Dr. George R. Minot of Hayward was one of the very finest in
Boston medicine. Tall, rail-thin,
fastidious, reserved, he was totally dedicated to his patients. When he heard of our work on dogs he
determined to try liver on his pernicious anemia cases.
Not at all well himself—he suffered from diabetes—he
enlisted the help of a younger colleague, dr. William P.murphy, then at Peter
Brigham Hospital. The two almost
literally stuffed their patients with all the liver they could get down
protesting gullets. Sometimes Murphy
mixed ground raw liver with orange juice and poured this in. Patients in a coma got ground liver via
stomach tube.
The response was almost beyond belief.
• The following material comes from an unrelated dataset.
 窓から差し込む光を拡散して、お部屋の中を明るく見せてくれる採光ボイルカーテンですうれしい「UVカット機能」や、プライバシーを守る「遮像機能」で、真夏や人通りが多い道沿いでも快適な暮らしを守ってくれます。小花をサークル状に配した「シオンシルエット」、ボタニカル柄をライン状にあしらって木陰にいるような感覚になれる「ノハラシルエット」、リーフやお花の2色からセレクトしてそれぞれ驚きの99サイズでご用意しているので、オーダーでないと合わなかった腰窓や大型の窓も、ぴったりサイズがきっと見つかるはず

Within a few days, patients looked better,
felt well, and their red-cell counts were climbing. May be these people weren’t doomed after all!
On May 4, 1926, Minot, in his flat New England voice, read a
paper before his peers at the annual meeting of the Association of American
Physicians. He reported that he and Bill
Murphy had stuffed 45 patients with liver.
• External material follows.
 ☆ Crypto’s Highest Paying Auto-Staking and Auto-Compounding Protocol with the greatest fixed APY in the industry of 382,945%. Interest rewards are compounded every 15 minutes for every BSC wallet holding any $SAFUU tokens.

Some had had blood counts lower than on million, now all but one had
near normal counts. That one was an
elderly lady who so despised liver that she said she preferred death to eating
it. Most of the other patients were up
and about—no longer breathless, no longer weary. Most were back at normal occupations. Minot’s report was acclaimed by a standing
ovation.
Ata hospital in Boston next morning, doctors were preparing
to give an elderly man a transfusion—the only thing that had kept him barely
alive for several years. “Why not just
let me die?” the weary sufferer asked. A
young doctor burst in. “Did you see the
morning paper?” he asked. A news report
had summarized Minot’s paper. Liver diet
was started immediately, and within a week the patient had new life in his
limbs.
Such events were soon being enacted all over the world. A year later, Minot and Murphy reported on
105 patients. There had been three
deaths: one in an auto accident, one from cerebral thrombosis, one from unknown
causes—but none from pernicious anemia.
In 1934, Minot, Murphy and I received identical cablegrams
from Stockholm. We had been accorded
medicine’s highest honor, the Nobel Prize.
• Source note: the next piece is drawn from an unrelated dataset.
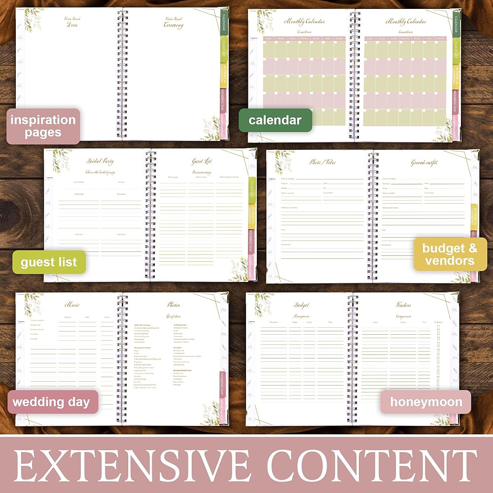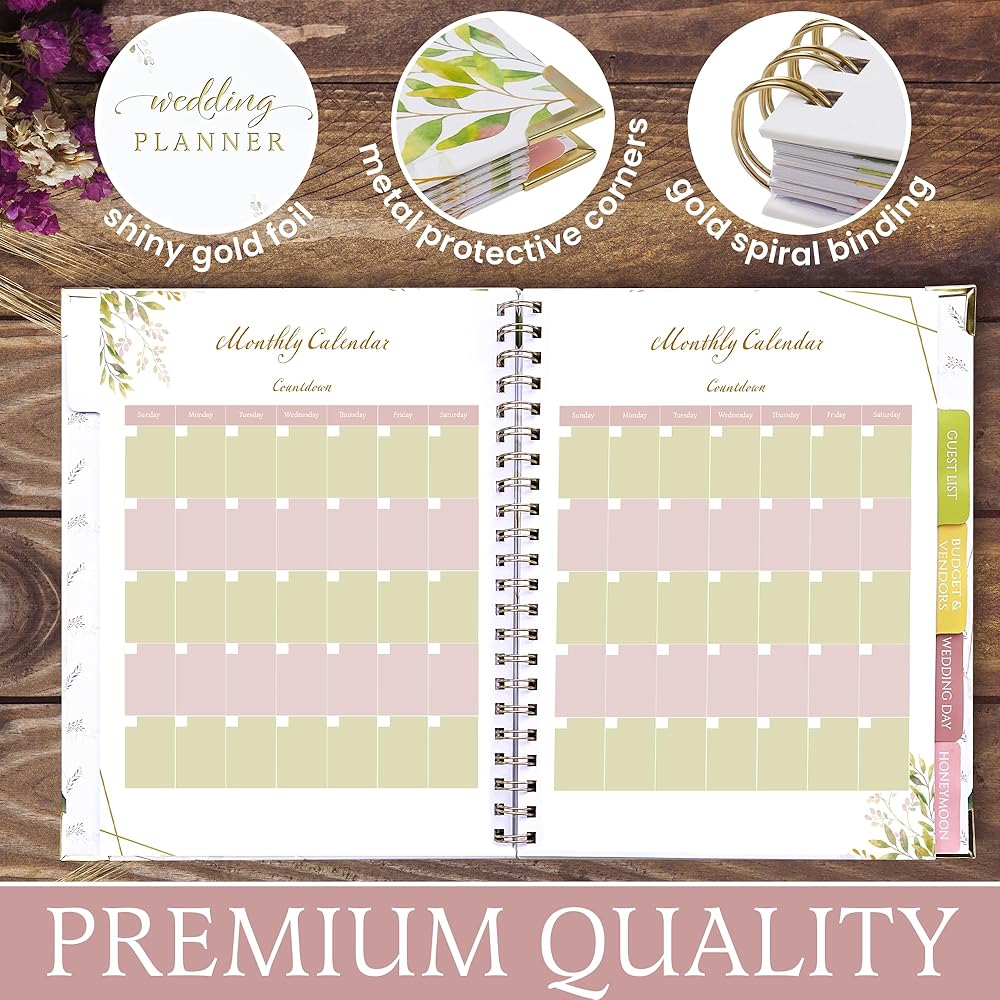 Introducing the Faaviza Wedding Planner Binder, the ultimate companion for brides-to-be embarking on the beautiful journey of wedding planning. Designed with elegance and practicality, our wedding planners and organizers for bride ensure every detail of your special day is meticulously curated. Whether you are a professional wedding planner or organizing your own celebration, our product provides a comprehensive tool to streamline the process. This exquisite wedding binder organizer boasts a stunning floral design, making it a stylish addition to your planning tools. The Faaviza Wedding Planner Book and Organizer is not just a functional item but a keepsake that captures the essence of your wedding planning journey. Its elegant floral cover conceals a world of organizational tools inside. The Faaviza Wedding Planner is equipped with a detailed Countdown Calendar, helping you manage your timeline efficiently. Stay on top of every task with sections dedicated to budgeting, guest lists, vendor contacts, and more. Our wedding planning book and organizer ensures that nothing is overlooked, giving you peace of mind and confidence as you approach your big day. Portability is key, and our wedding planner binder is designed to be lightweight and easy to carry. Its compact size allows you to bring it wherever you go, ensuring that you can jot down ideas and appointments anytime, anywhere. Despite its portability, this wedding notebook does not compromise on functionality, offering ample space for notes and plans. Perfect as engagement gifts for couples newly engaged, or as engagement gifts for her, the Faaviza Wedding Planner Binder is a thoughtful present that will be cherished for years to come. It serves as a bride book that holds all the dreams and plans leading up to one of the most important days of her life.

A way had been found to rescue the doomed—but the story was
still by no means complete. Even at
outset it was clear that it wasn’t liver that was working such wonders, but
some elusive X substance in liver. The
problem was to get rid of useless components and concentrate on the
substance. Dr. Edwin J. Cohn, the gifted
Howard chemist, took this job upon himself.
Soon he had an extract, one tablespoon of which was the equivalent of
half a pound of liver. Next came an
injectable liver extract 400,000 times as potent as the mother stuff; a short
every two to four weeks was sufficient to keep blood normal.
The search for the X substance came to an end at last in
1948, with the cornering of Vitamin B12.
An invisibly small amount of it—a millionth of a gram a day—was
sufficient to control a disease once totally deadly.
Pernicious anemia, which had probably plagued man from the
beginning, at last could be rendered harmless.